Jay Novello played Sabaaya throughout the entire series. Other roles were played by members of Hollywood's Radio Row, and the announcer was Larry Thor.

==Characters==

===Rocky Jordan===
Rocky Jordan (Jack Moyles/George Raft) is the proprietor of the Café Tambourine, which is located, according to the announcer, "not far from the Mosque Sultan Hassan," though he is originally from St. Louis. During the course of the series, it is revealed that Rocky previously ran a Café Tambourine not only in Istanbul (known from the previous series, "A Man Named Jordan") but also in San Francisco and other locales.

As an American restaurateur in a North African country, Jordan is somewhat similar to the Rick Blaine character in the film Casablanca, though the Café Tambourine is apparently a much less salubrious venue than Rick's Bar. The announcer describes it as being "Crowded with forgotten men, and alive with the babble of many languages". Each episode sees Jordan confronted with a "crime, a mystery, a beautiful woman, or a combination of the three".

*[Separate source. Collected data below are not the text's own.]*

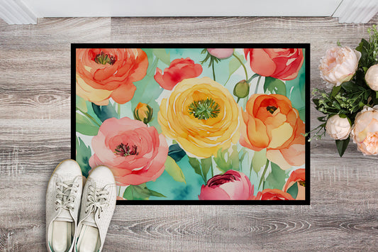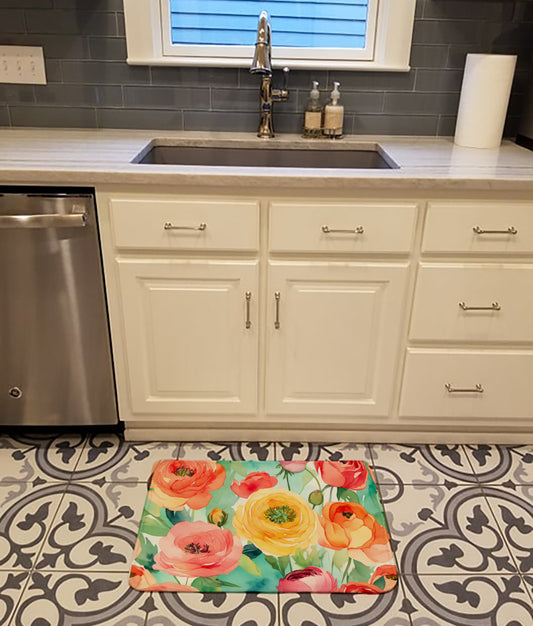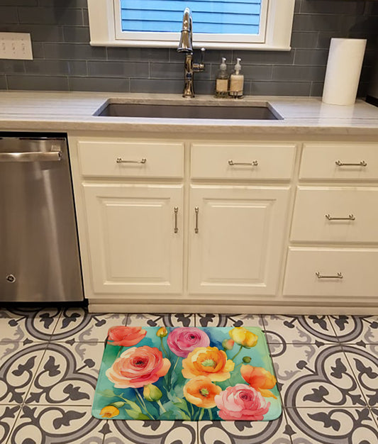 Ranunculus in Watercolor Memory Foam Kitchen Mat
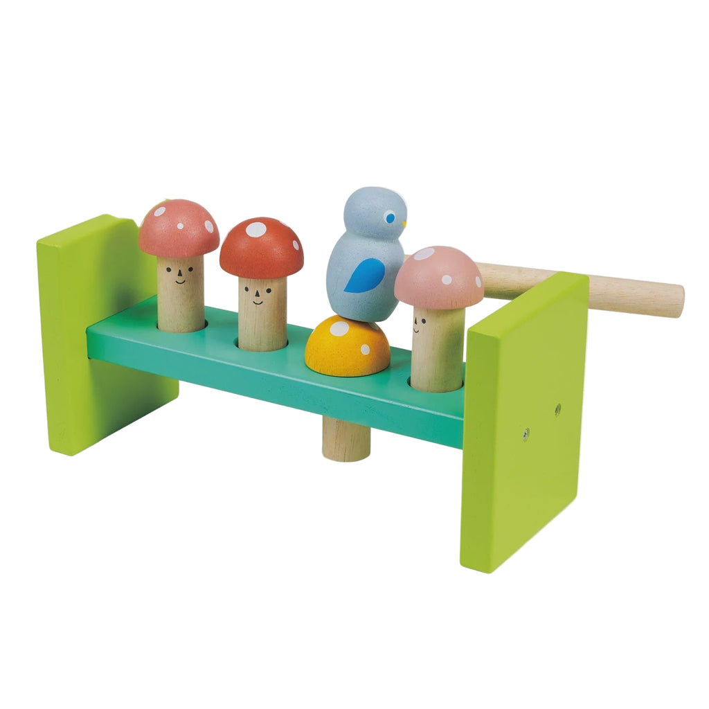 This woodland-themed game comes with a tray with 4 smiley-faced toadstools. There is a hammer in the shape of a bluebird to bash the toadstools down.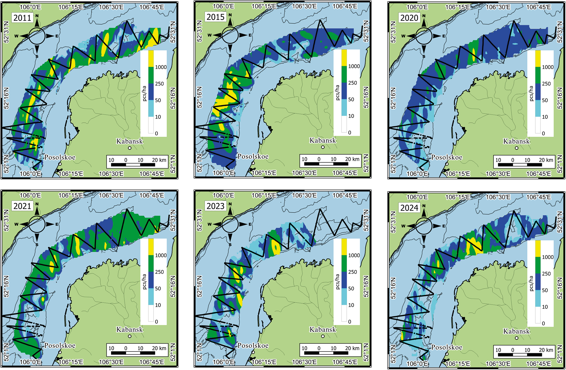 The distribution characteristics of Baikal omul from 2011 to 2024 are shown in Fig. 1. In 2011, when Baikal omul stocks were assessed as satisfactory, accumulations of >1000 pcs ha-1 were recorded throughout the entire study area of the Selenga shallows, and in 2015, they were detected only in the southeastern part. In 2020, we recorded virtually no fish accumulations. As a rule, their concentrations were <250 pcs ha-1, which is below average. In 2022, we recorded the concentrations of average density throughout the entire water area of the Selenga shallows. In 2023, there were large accumulations of Baikal omul in southwestern and central parts of the area, but they were relatively uneven and more dynamic (Anoshko et al., 2023). We observed their redistribution from south to north, probably due to the specific heating of the coastal-bay zone as well as to the influx of warmer waters of the Selenga River. In 2024, we recorded omul throughout the entire area of the shallows, and dense accumulations in its central part (Fig. 1).

Precisely why Jordan is now in Egypt rather than Istanbul (as in the previous series) is never mentioned and the reason for being unable to return home to the United States is deliberately left vague, though it is hinted at throughout the course of the series that some occurrence in St. Louis prevents him from doing so.

===Sam Sabaaya===
Sam Sabaaya (Jay Novello) is the police captain who apprehends the criminals at the end of each adventure. Sabaaya is portrayed as a diligent and competent policeman, usually as Jordan's friend and ally but sometimes as his foil. He is an Egyptian Muslim, is married, and has four children.

===Other characters===
Two further characters appear in some but not all episodes, Chris (voiced in most episodes by Lawrence Dobkin) and Sergeant Greco (Lou Krugman). Chris is the bartender at the Café Tambourine, while Greco is one of Sabaaya's underlings. Greco has a particular dislike of Jordan, and invariably tries to make his life difficult, often by arresting him as the chief suspect in whatever crime Jordan is trying to solve. He's also ambitious and eager for promotion.

==Style==
A deliberately Eastern feel was created by careful use of music and sound effects, and the writers Larry Roman and Gomer Cool took care that the characters used the names of real streets in Cairo. Much of the information the writers used for this came from a book called the Pocket Guide to Egypt that the US Army had produced for servicemen sent there during the War. The Oriental-sounding music composed for the show by Richard Aurandt is considered to be of exceptional quality.